[ACTIVITY] Your answer must be the full listing below, restated word for word, with no pictures in it.

[RAW DATA]

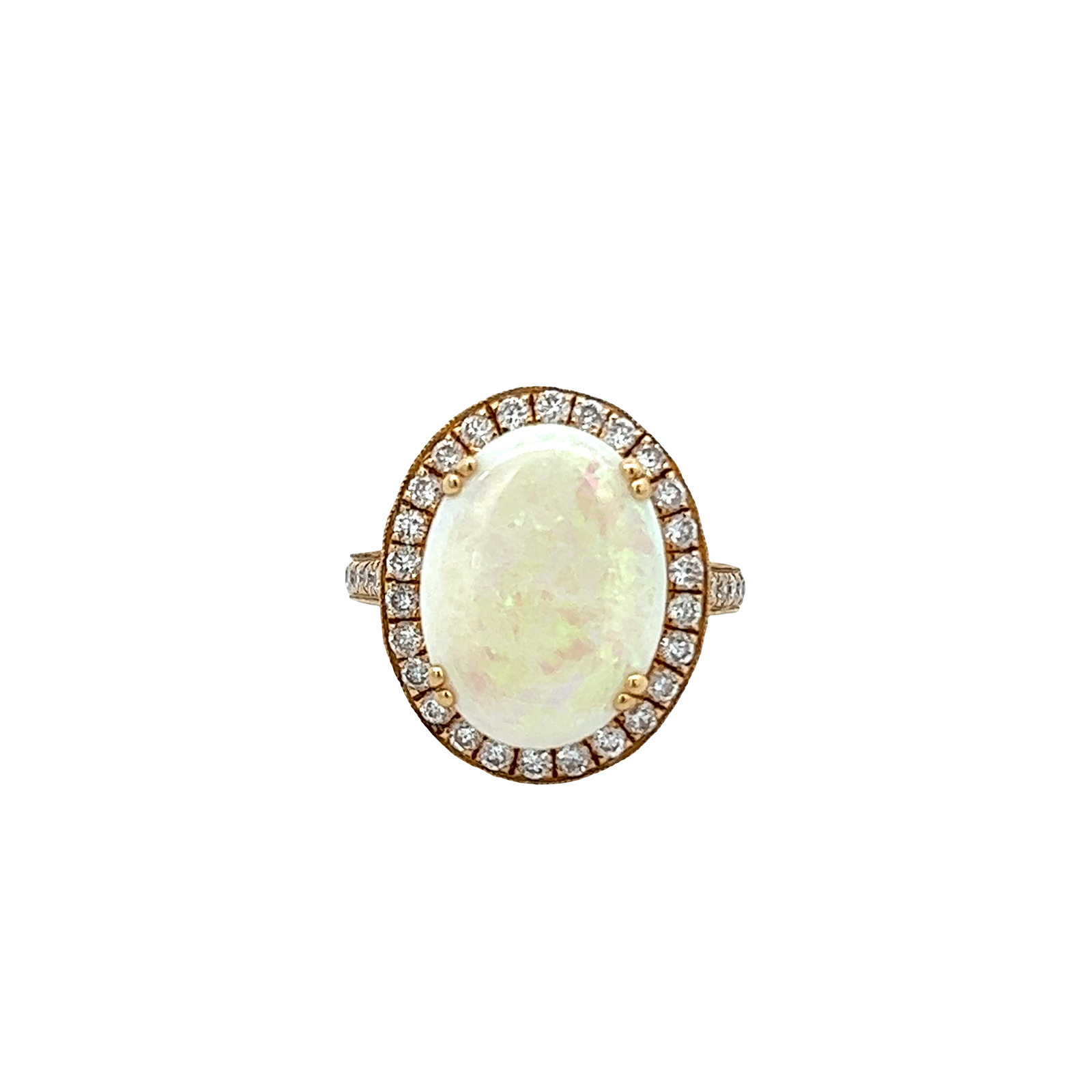 令人惊叹的 18k 纯金圆形切割钻石和蛋白石戒指,以璀璨的蛋白石为中心石,周围环绕着闪闪发光的钻石,显得奢华而优雅。
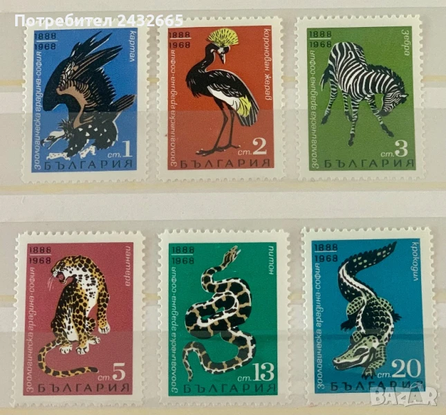 2663. България 1968 = БК 1884 /89: “ Фауна. 80 год. Зоологическа градина в София. ”, **, MNH
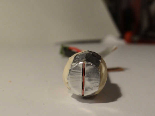 En primer lugar, envuelva el módulo láser con cinta firmemente presionado el botón del láser y así ello se ajusta perfectamente en el pedazo de tubo de PVC.
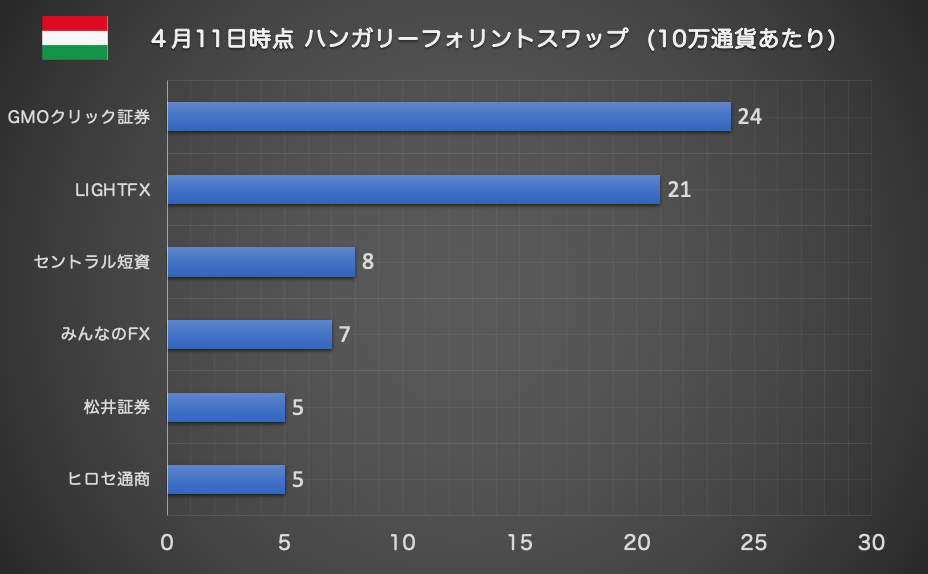ハンガリーフォリント/円のスワップは、会社によってもらえる金額にかなりの差があるため、付与額の小さな会社で始めることは、単純に損な話です。。

[SOLUTION BELOW]
 令人惊叹的 18k 纯金圆形切割钻石和蛋白石戒指,以璀璨的蛋白石为中心石,周围环绕着闪闪发光的钻石,显得奢华而优雅。
 2663. България 1968 = БК 1884 /89: “ Фауна. 80 год. Зоологическа градина в София. ”, **, MNH
 En primer lugar, envuelva el módulo láser con cinta firmemente presionado el botón del láser y así ello se ajusta perfectamente en el pedazo de tubo de PVC.
ハンガリーフォリント/円のスワップは、会社によってもらえる金額にかなりの差があるため、付与額の小さな会社で始めることは、単純に損な話です。。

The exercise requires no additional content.